Uploaded image for project: 'Qt'
  1. Qt
  2. QTBUG-81348

Improve performance of moc on Windows, perhaps by allowing multiple input files

    XMLWordPrintable

Details

    • Suggestion
    • Resolution: Unresolved
    • P3: Somewhat important
    • None
    • 5.12.5, 5.14.0
    • Build tools: moc
    • None
    • Windows 10 build 1903 and 1910

      msvc 2017

    • Windows

    Description

      tl;dr:

      Satisfying #include files is a substantial bottleneck for moc on Windows. This bottleneck is particularly problematic when some or all of the following conditions is true: multiple moc processes are running at once; certain UWP (Universal Windows Platform) applications are running; mocable files #include more files than strictly necessary. Changes to how a project is moced can reduce the build time of an application substantially.

      The measurements made below were done using a 64-bit build of Qt 5.12.5 but I have tested 5.14.0 and get similar results.

      Problem:

      mocing a large, complicated project with lots of mocable files can be very slow on Windows. This is primarily because each mocable file is moced by a separate instance of moc. The way that moc satisfies #include statements is that it generates a proposed full path by iterating through all paths in INCLUDEPATH and appending a leaf name to the base path. moc then tests whether the proposed file exists. This can result in hundreds or thousands of attempts to access an invalid file path during the duration of a single moc process. moc does cache the files that it finds, but this cache is not shared between moc processes.

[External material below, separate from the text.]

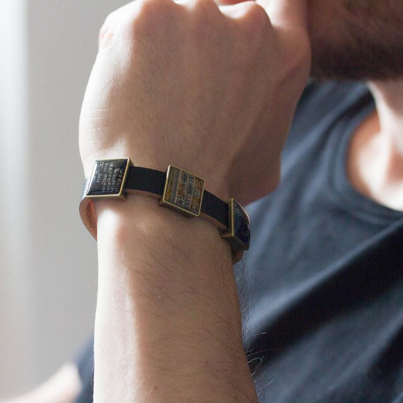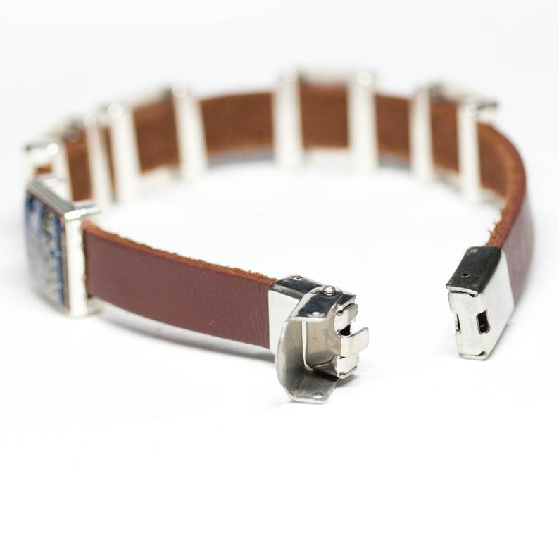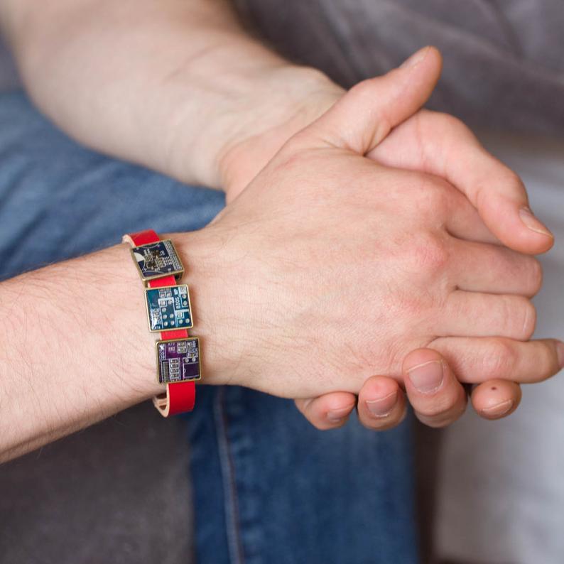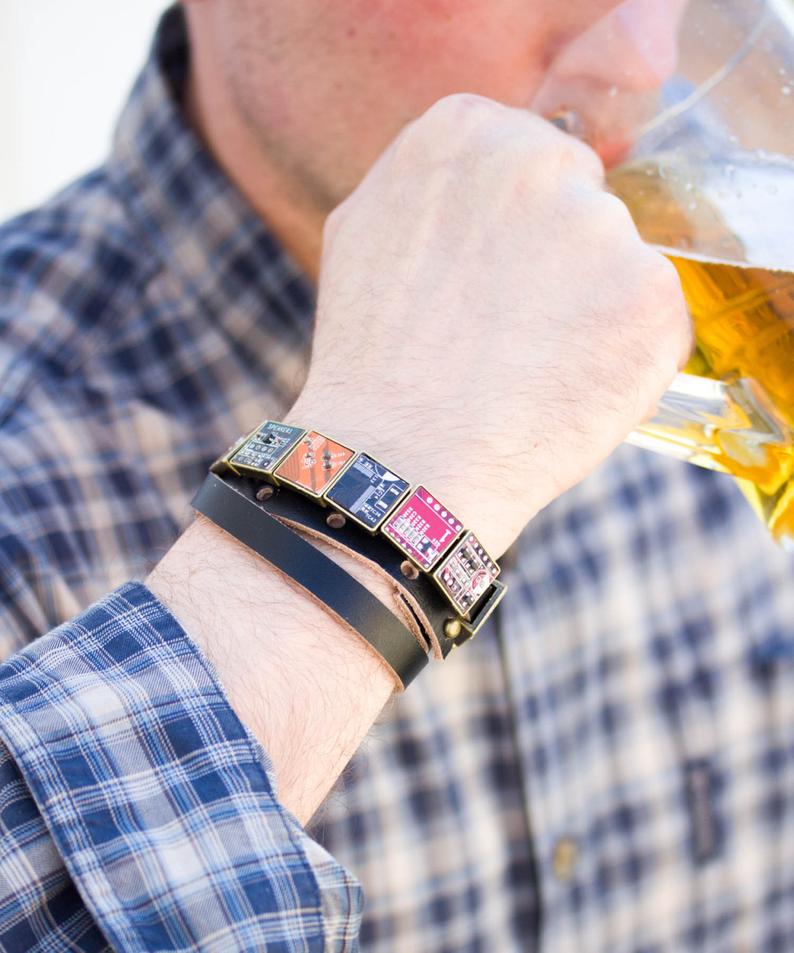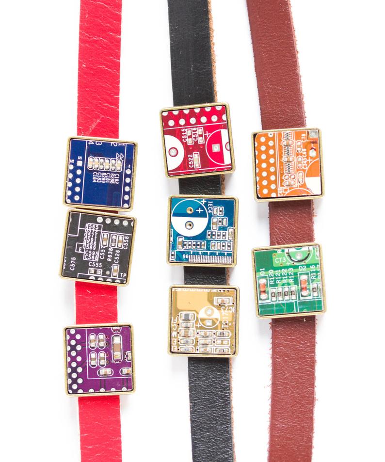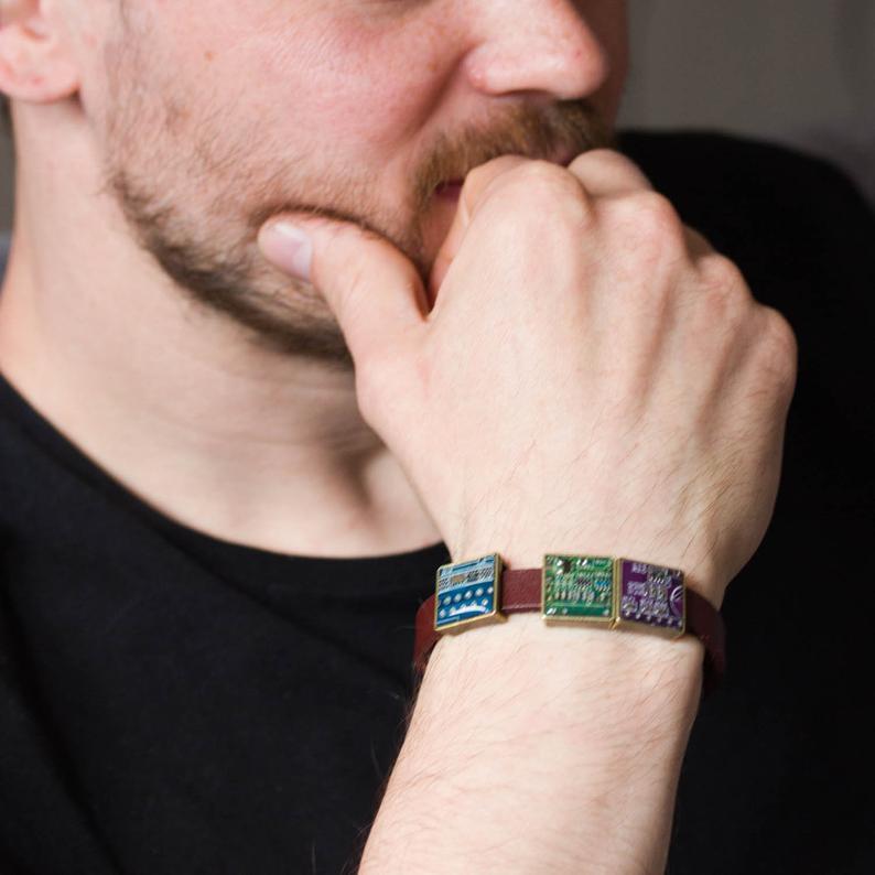 Unique bracelet for a stylish tech lover, made of a strip of brown, black or red leather and colorful beads made with recycled real circuit boards. We offer these bracelets...
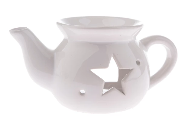 Bílá keramická aromalampa ve tvaru konvice se bude krásně vyjímat na poličce nebo na svátečně prostřeném stole. Plamen čajové svíčky bude prosvítat skrz otvor hvězdy, čímž se umocní kouzelná atmosféra Vánoc.

      Some numbers from an actual project with about 550 mocable files and 50 paths in INCLUDEPATH (plus about 10 more added by Qt's regular moc implementation):

      number of attempts to open a file or directory that is invalid: 20.6 milion
      number of attempts to open a file or directory that are successful: 2.3 million
      Total time attributed to failures: 355 seconds (cpu time)
      Total time attributed to successes: 32 seconds (cpu time)
      Total wall clock time attributed to all moc.exe calls: 67 seconds

       

      The above numbers were for a debug build using the msvc 2017 compiler on Windows 10 build 1903. The machine has a 16 core/32 thread AMD ThreadRipper processor, 32 GB RAM, and NVMe storage.

      Profiling data collected during the build above shows that moc.exe spends >95% of the time satisfying #include statements, and almost all of this time is spent in the Windows API call GetFileAttributesEx, so the moc code itself is not directly to blame (see note 1).

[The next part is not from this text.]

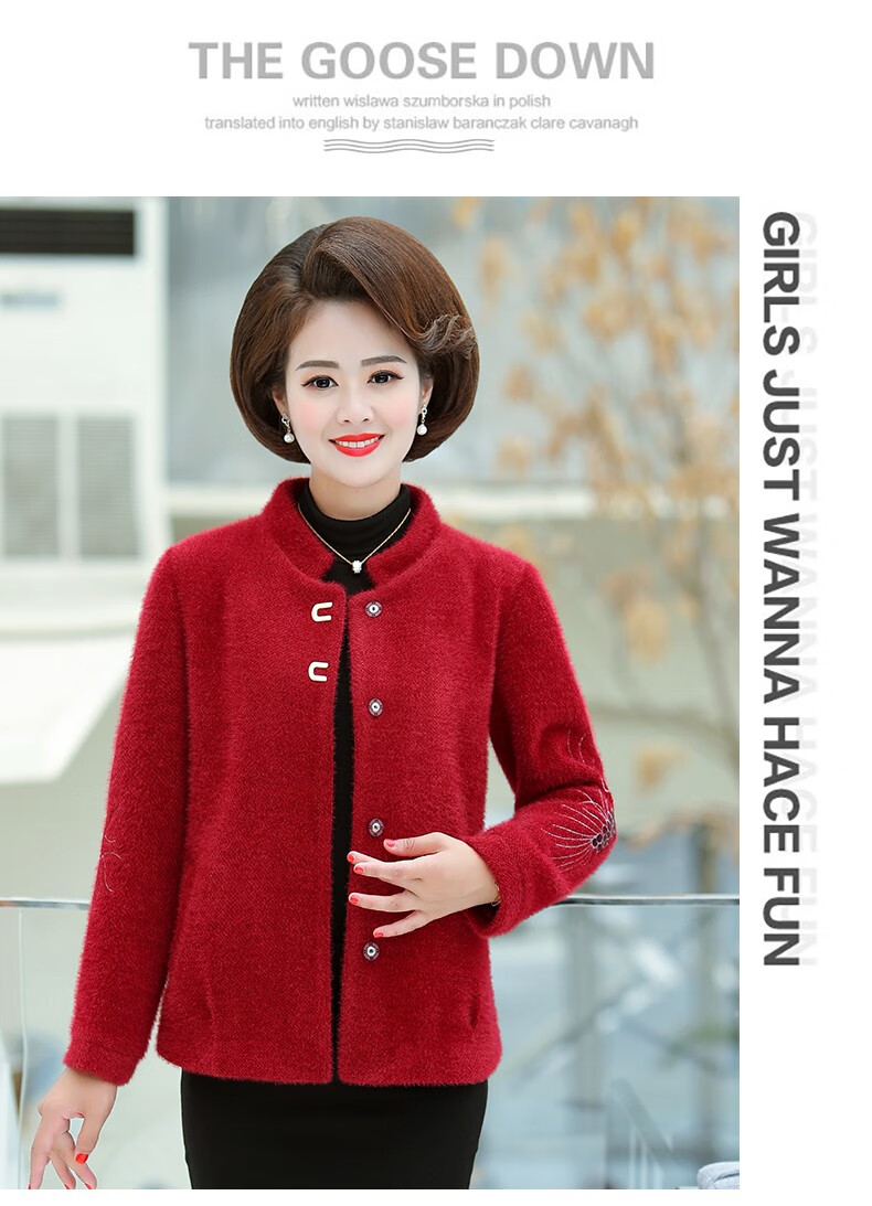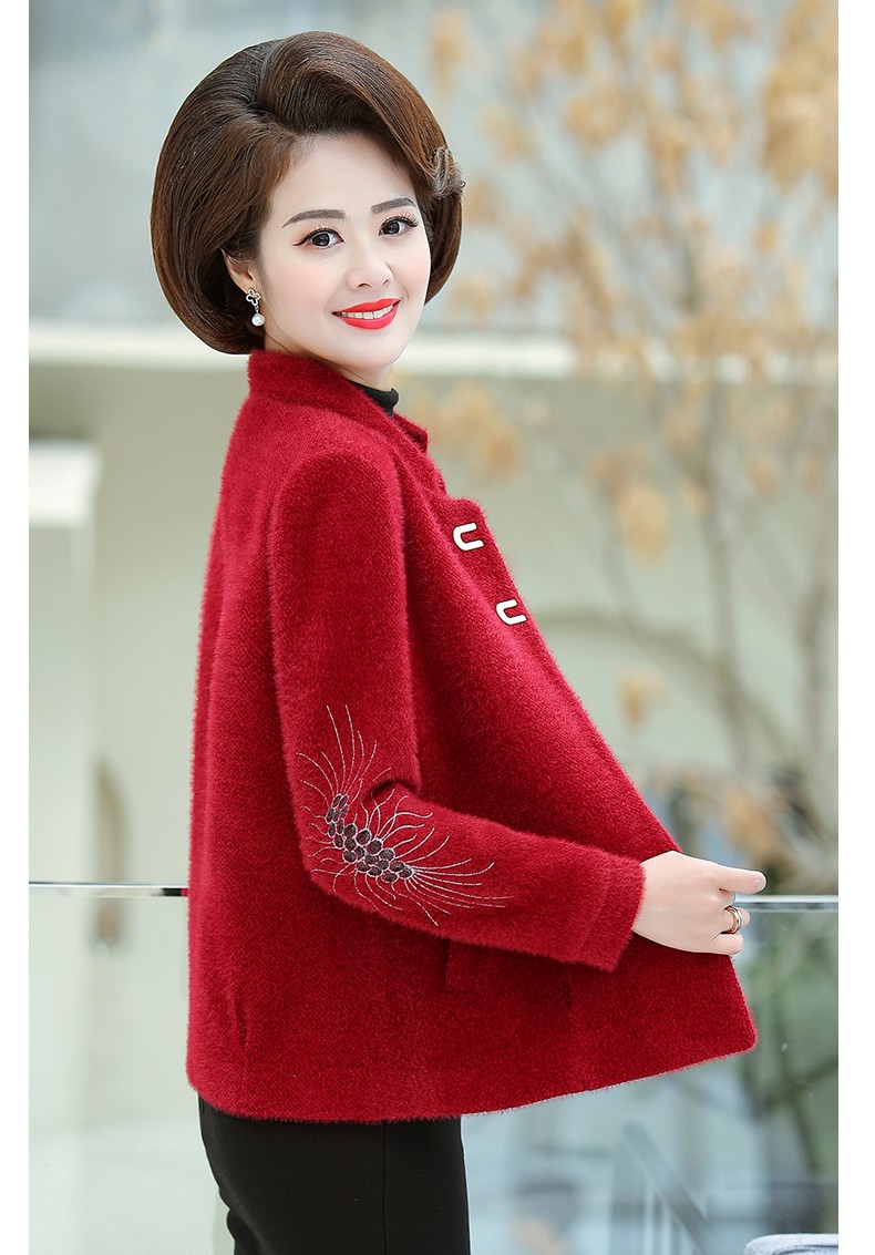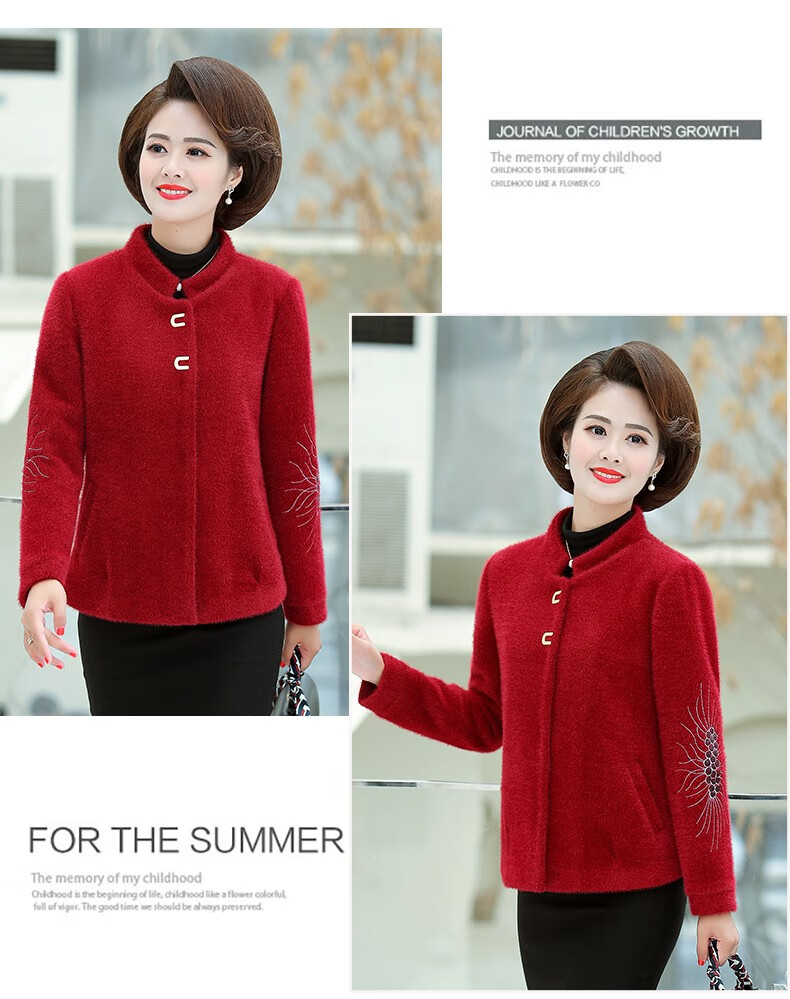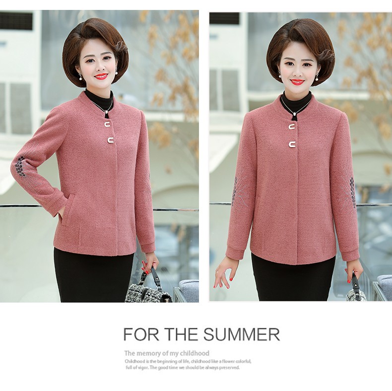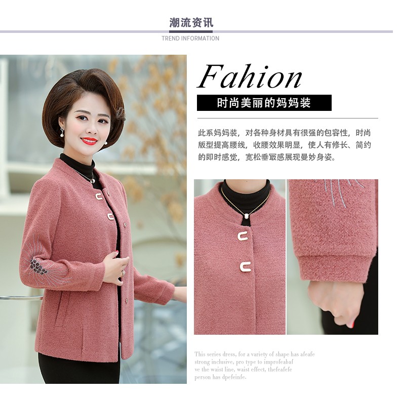 商品名称:中老年女装妈妈装秋装毛呢外套2019新款短款薄呢子夹克秋冬中年女上衣 桔红 L(100斤以内)

      Additional complication:

      Starting with Windows 10 build 1903, certain UWP applications can cause additional minifilter drivers to be started. Minifilter drivers insert themselves into file I/O operations and we have observed that certain minifilter drivers, when active, can substantially increase the execution time of moc.

      A list of active minifilter drivers can be obtained by opening a command prompt using Run As Administrator and executing the fltmc command. Entries with a non-zero value in the "Num Instances" column are active. Our initial investigations suggested that the CldFlt filter driver caused moc delays while mocing files, but disabling that driver by executing 

      sc config CldFlt start=disabled
      

      prevented CldFlt from loading. More recently, we have seen substantial delays when the bindflt filter driver is running. This driver, even if disabled using 

      sc config bindflt start=disabled
      

      can be started by the OS when either the MicrosoftOfficeHub or XboxGameOverlay UWP application is started (there may be others). Based on event logs (see note 2), the former can be started without any user intervention. With a default installation of Windows 10 Home edition, the game bar is started with the Windows key + G shortcut, which may be mistakenly triggered when Ctrl+G (find again) is intended. It seems likely that XboxGameOverlay can be started without any user intervention, because the bindflt driver sometimes starts on our automated build machine when no person has used the machine for days. There may also be other UWP applications that start the bindflt filter driver.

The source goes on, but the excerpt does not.